▶ _DATA FOR THIS EXERCISE_
##############################

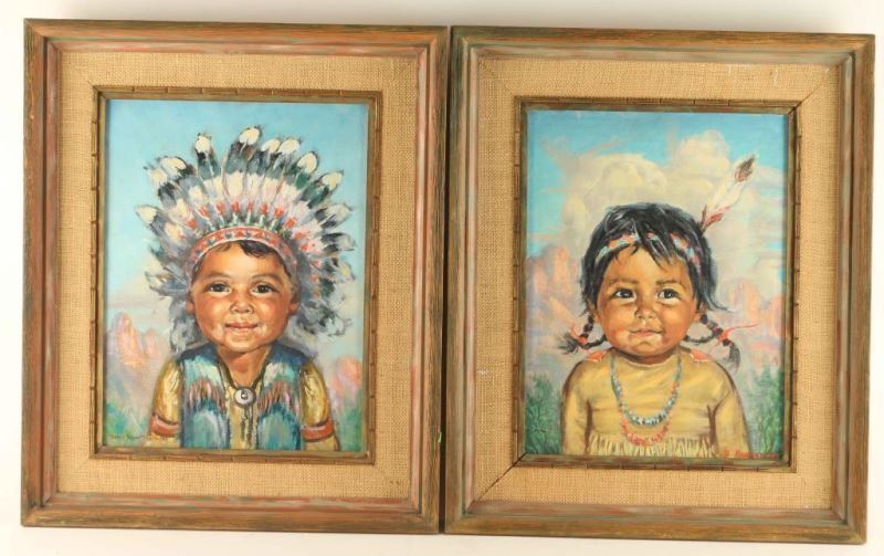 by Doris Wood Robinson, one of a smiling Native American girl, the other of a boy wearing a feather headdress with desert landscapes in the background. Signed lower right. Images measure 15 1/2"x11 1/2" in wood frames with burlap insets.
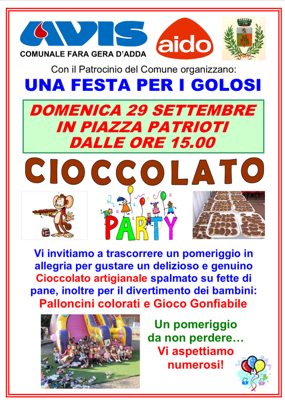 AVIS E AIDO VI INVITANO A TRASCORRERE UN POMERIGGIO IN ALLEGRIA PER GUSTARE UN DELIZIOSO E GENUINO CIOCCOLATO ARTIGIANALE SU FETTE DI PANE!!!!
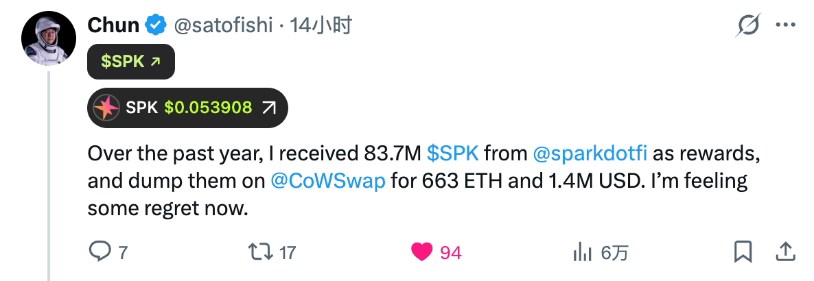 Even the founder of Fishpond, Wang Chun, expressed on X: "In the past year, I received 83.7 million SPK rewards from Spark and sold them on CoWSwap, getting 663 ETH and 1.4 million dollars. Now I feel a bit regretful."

##############################

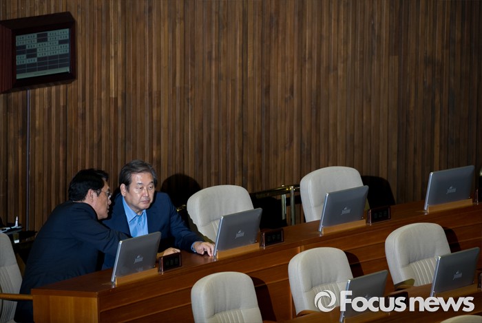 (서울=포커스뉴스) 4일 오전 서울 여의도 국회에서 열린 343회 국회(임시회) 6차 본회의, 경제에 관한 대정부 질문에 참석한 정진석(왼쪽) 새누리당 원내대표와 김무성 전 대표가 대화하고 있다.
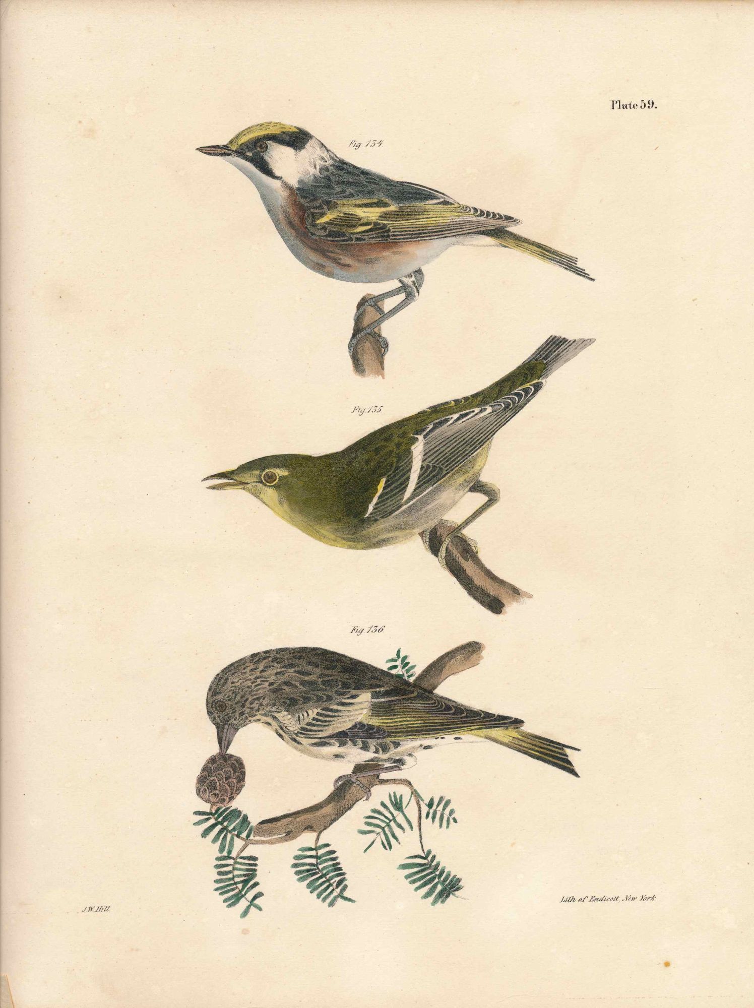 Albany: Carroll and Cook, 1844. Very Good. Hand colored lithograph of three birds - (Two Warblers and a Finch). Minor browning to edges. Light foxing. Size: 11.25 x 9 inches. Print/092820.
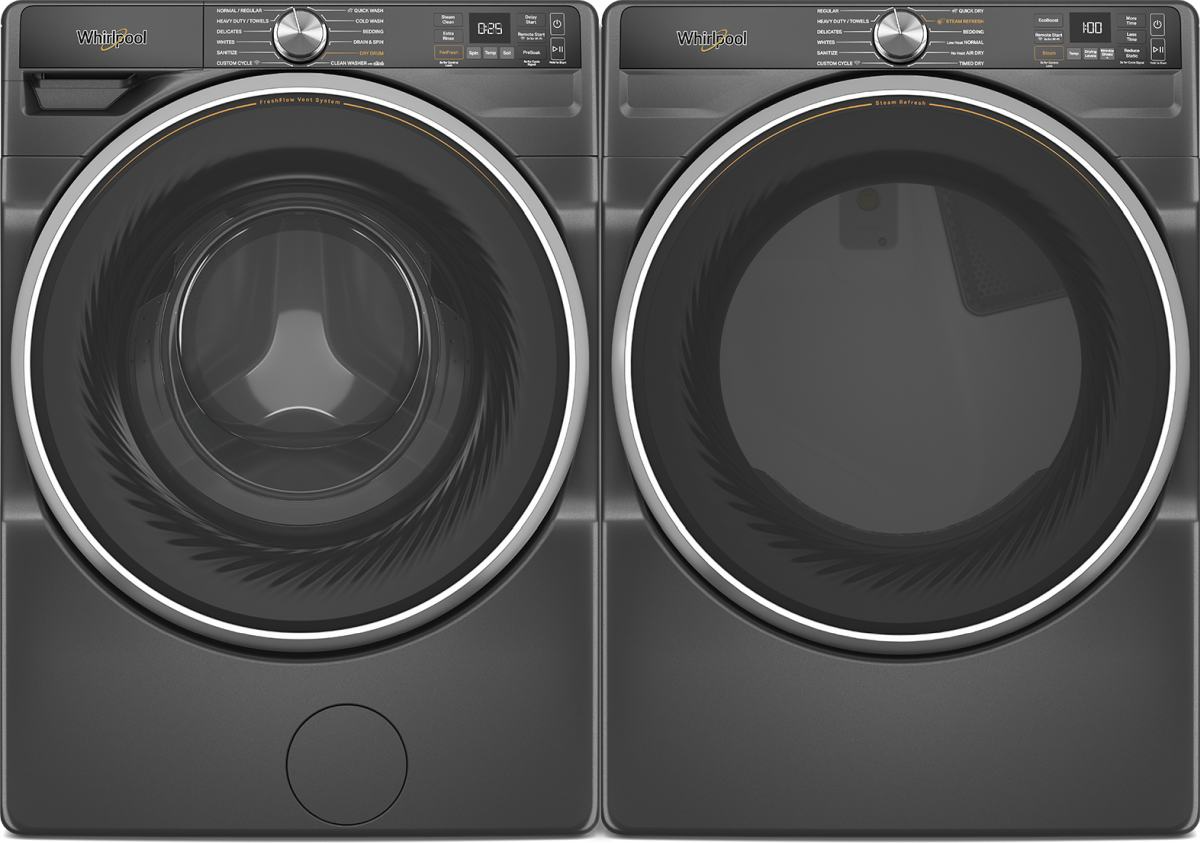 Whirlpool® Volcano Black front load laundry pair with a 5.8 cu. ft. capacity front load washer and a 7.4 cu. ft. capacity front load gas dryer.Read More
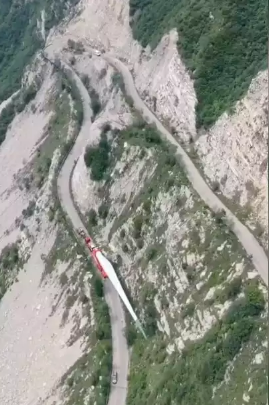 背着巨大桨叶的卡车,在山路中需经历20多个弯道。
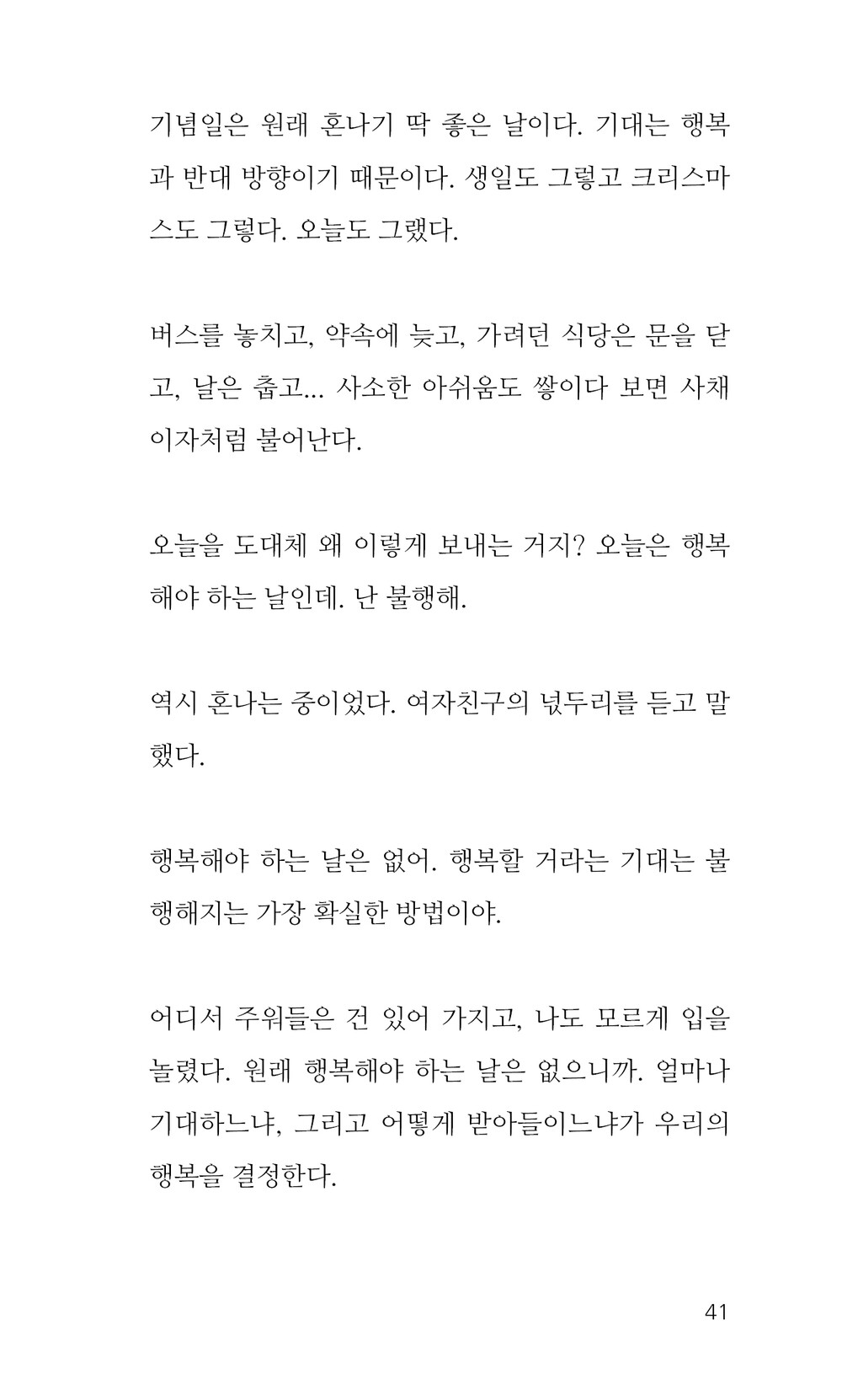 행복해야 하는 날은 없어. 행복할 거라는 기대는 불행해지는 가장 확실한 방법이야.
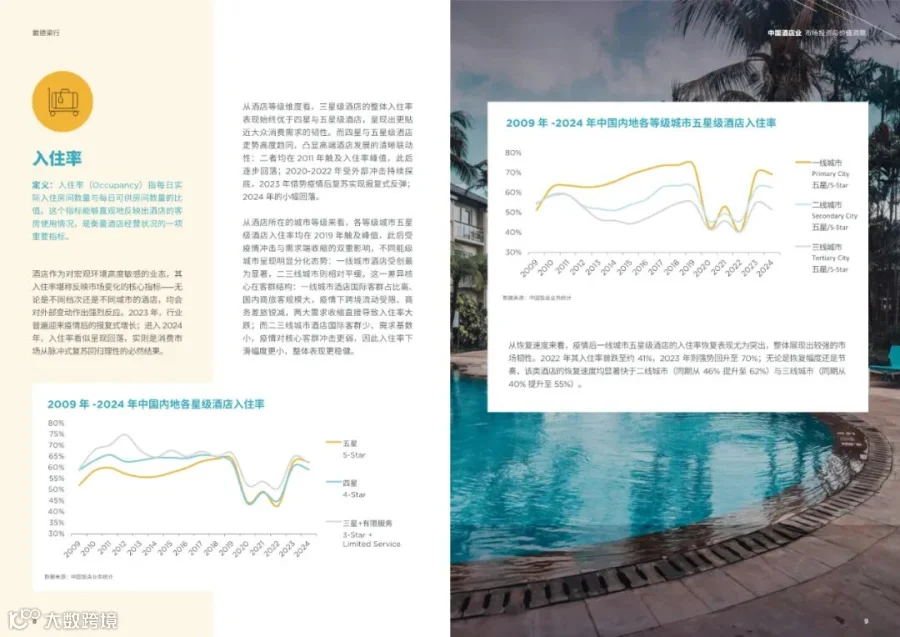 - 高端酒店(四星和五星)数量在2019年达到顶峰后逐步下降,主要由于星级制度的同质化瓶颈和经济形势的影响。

##############################

▶ _WHAT YOU NEED TO DO_
Produce an exact reproduction of the listing above, limited to the lines starting at the line with "행복해야 하는 날은 없어." and ending at the line with "- 高端酒店(四星和五星)数", both kept, with every picture left out.

▶ _ANSWER BOX_
 행복해야 하는 날은 없어. 행복할 거라는 기대는 불행해지는 가장 확실한 방법이야.
 - 高端酒店(四星和五星)数量在2019年达到顶峰后逐步下降,主要由于星级制度的同质化瓶颈和经济形势的影响。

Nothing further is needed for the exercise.